- As many as 10,000 anti-government protesters rally In Macedonia Sunday
- Protesters want Prime Minister to resign over a wire-tap scandal
- Last week gun battles left eight police officers and 14 others dead
The protesters -- who paraded through Skopje waving Macedonia's vibrant red and yellow flag -- seek Gruevski's ouster over a wiretapping scandal that the opposition claims takes government abuse to new levels.
Those alleged abuses include instances of "...financial and electoral fraud, mass electronic surveillance, framing of political opponents for crimes and even murder," according to Foreign Affairs
, a magazine published by the Council on Foreign Relations.
While Gruevski denies the allegations, the scandal has plunged the Balkan country into its worst political crisis since the threat of civil war in 2001. Gruevski claims most of the wiretapped recordings were made by an unnamed foreign intelligence service in an effort to bring his government down.
Social Democrat leader Zoran Zaev, who called for Sunday's demonstrations, has accused the government of inciting ethnic conflict. In early May the Gruevski government indicted Zaev on charges of wiretapping and anti-government activities, according to the New York Times
. Zaev has periodically been releasing leaked transcripts of what he claims are thousands of recordings made by the government, detailing instances of alleged corruption. He was indicted shortly before announcing plans for Sunday's massive protest in Skopje.

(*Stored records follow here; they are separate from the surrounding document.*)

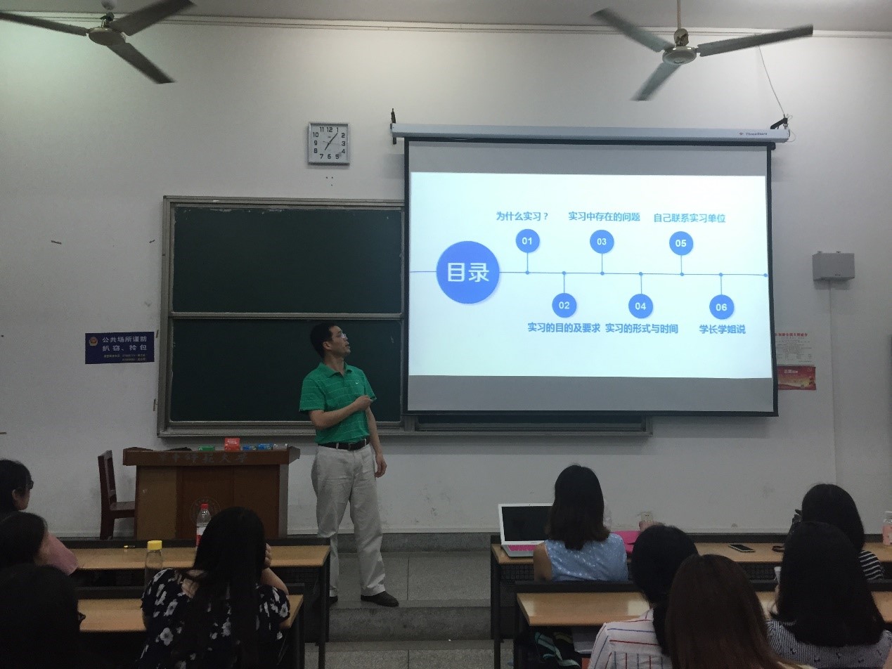 接着,两位2013级的学长学姐进行经验分享。保研的周佳莹学姐分享了她的实习经历与心得,介绍了实习的单位,个人的感悟,如何分析个人的因素去找实习单位,并且向大家提出了对于出国,考研,就业不同的方向做出实习与规划的建议。被联想录用的向玉凡学长向大家介绍了实习制度与需要递交的材料,展示了他的实习报告模板,以及实习中他个人的体会,建议大家注重发展自己的个人能力。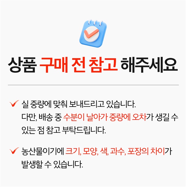 · 교환/반품 신청은 배송완료 후 3일 이내에 접수 부탁드립니다.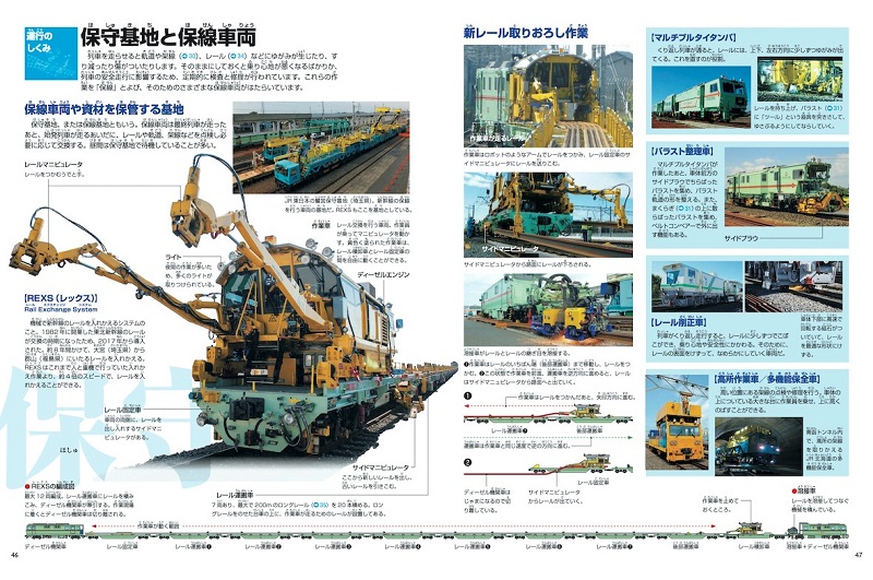 当社が保有するマルチプルタイタンパやバラストレギュレータが紹介されているほか、これまで人と重機で行っていたレール交換作業を、1つのシステムで効率的に行うことのできる世界初の保守用車である新幹線レール交換システム(REXS)も詳しく紹介されています。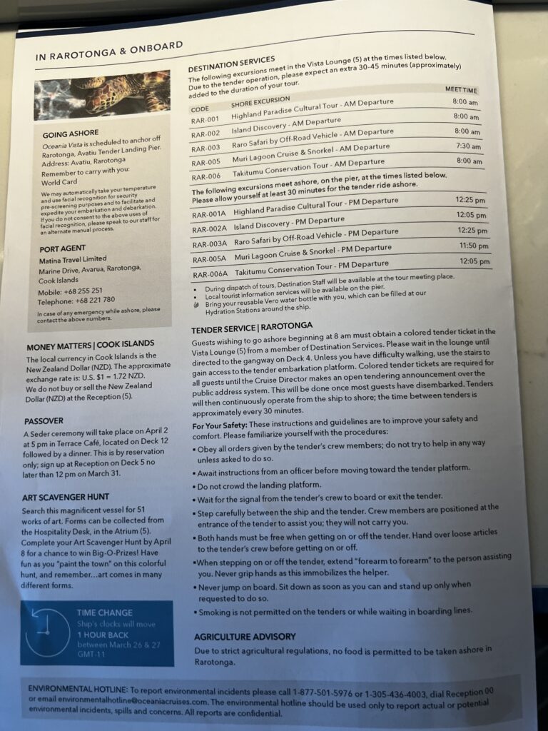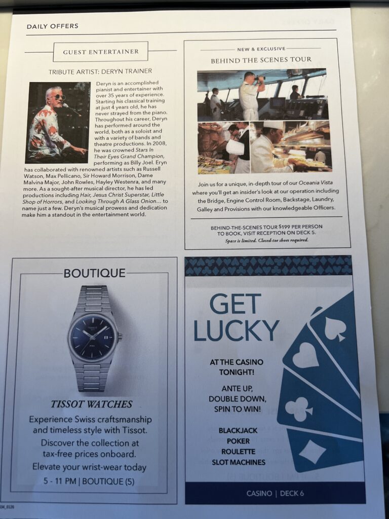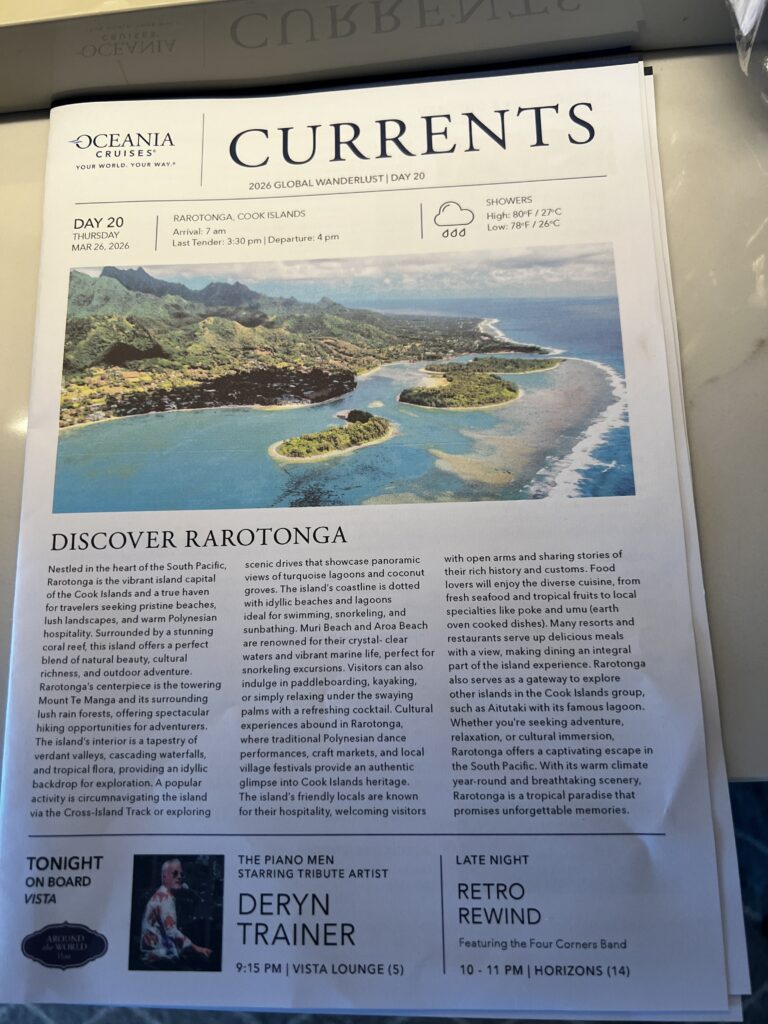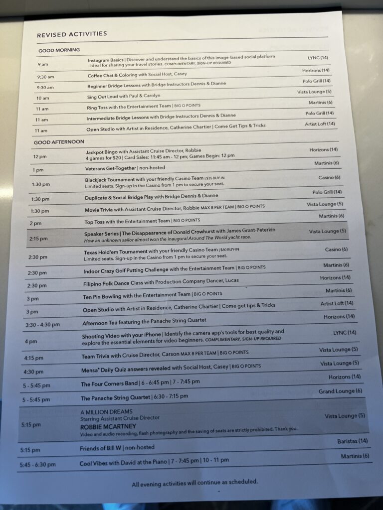 Copy of the original Currents for the port stop and the additional pages that we received with the new ship’s activities for the day.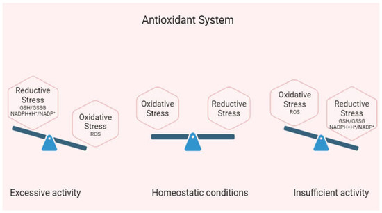 Oxidative stress (OS) is closely linked to aging and arises from an imbalance between oxidants and antioxidants. An overabundance of antioxidants can lead to a condition known as reductive stress (RS), characterized by an excess of reducing agents that disrupts the fine redox balance [14]. Many medical fields now acknowledge the role of RS as a contributor to numerous pathological disorders [15].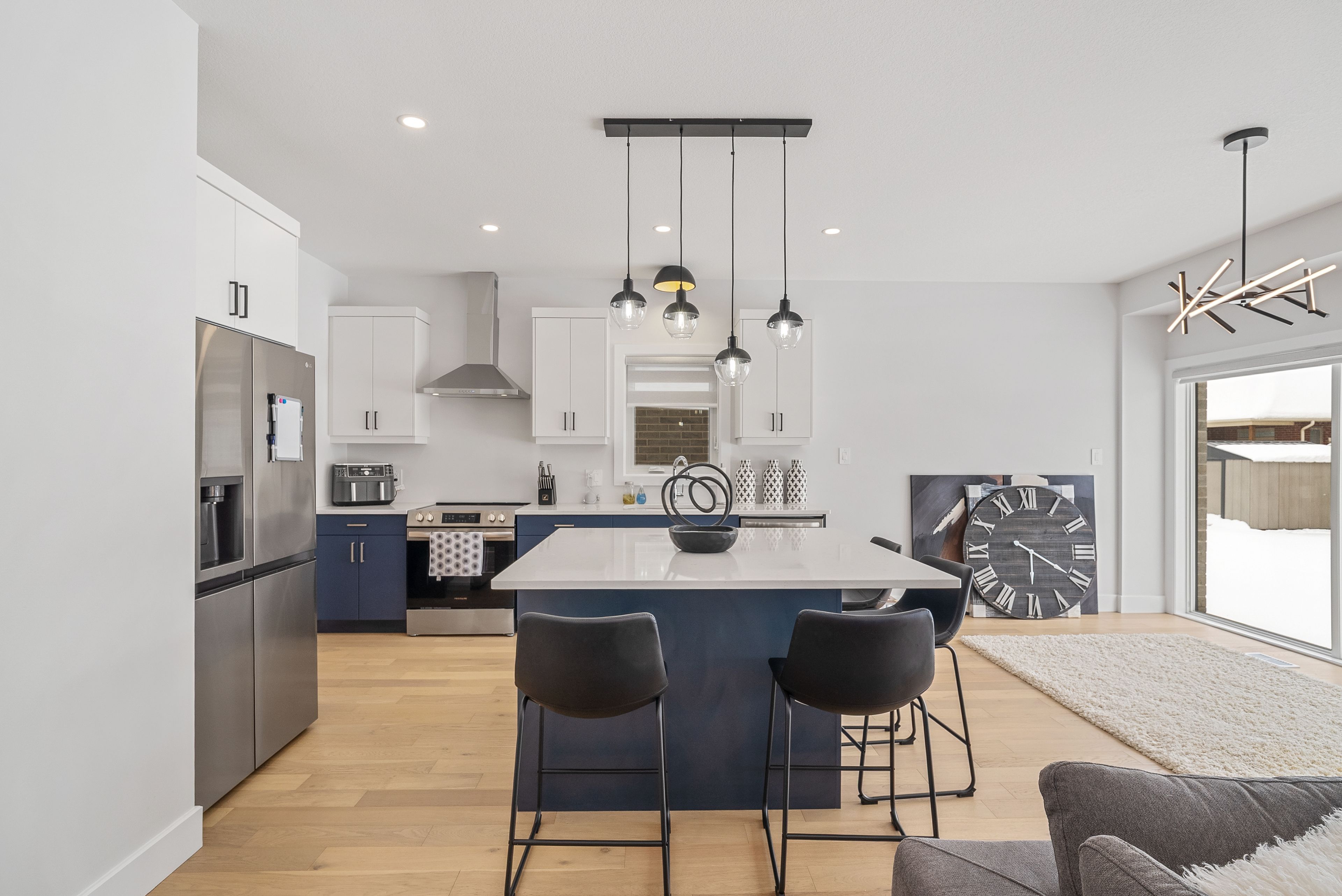 • Kitchen features custom cabinetry, quartz countertops, and breakfast bar.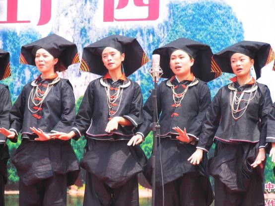 壯族傳統(tǒng)音樂主要是各種山歌曲調,是產生于古代的詩歌、音樂、舞蹈三位一體的古老聲樂藝術。在壯族地區(qū),幾乎每個鄉(xiāng)都有幾個固定的曲調,有用于敘事的平調、抒發(fā)歡快心情的喜調、平緩柔和細膩深沉的詩調,富于教誨性的卜牙(老人)調和表現哀傷悲調等。曲式有支聲式、和聲式和復調式,用于獨唱、領唱、重唱、合唱的民歌調有相應的曲式結構。其中合唱又分為二聲部和三聲部。曲藝有末倫、唱師、比余等,唱師的唱本脫胎于經詩,一般為七言句式,以一鼓一鑼過門,無伴奏。曲牌各地不一,每個地方一般由AB調,比較固定。末倫流傳于桂西南地區(qū),來源于巫調,發(fā)展成為曲藝。其詞為七言或五言,上下句式,以三弦伴奏,藝人自彈自唱,詞很優(yōu)美。內容有說故事、訴苦情、嘆離別等,可長可短,形式靈活。比余流傳于紅水河中游東蘭、鳳山一帶,詞為長短句,腰腳韻,寓言式或隱喻式,生動活潑。演唱時,藝人與聽眾互相呼應,氣氛熱烈。

The protests in Macedonia may only be the beginning of the threat to stability in the Balkans.
Last week, gun battles
in the Balkan city of Kumanovo, about 20 kilometers (12.5 miles) from Skopje, left eight police officers and 14 others dead. The country's internal affairs ministry described the targets of the police raid that resulted in the gun battles as a group of roughly "70 terrorists." Macedonian authorities accused the group of plotting attacks on government institutions.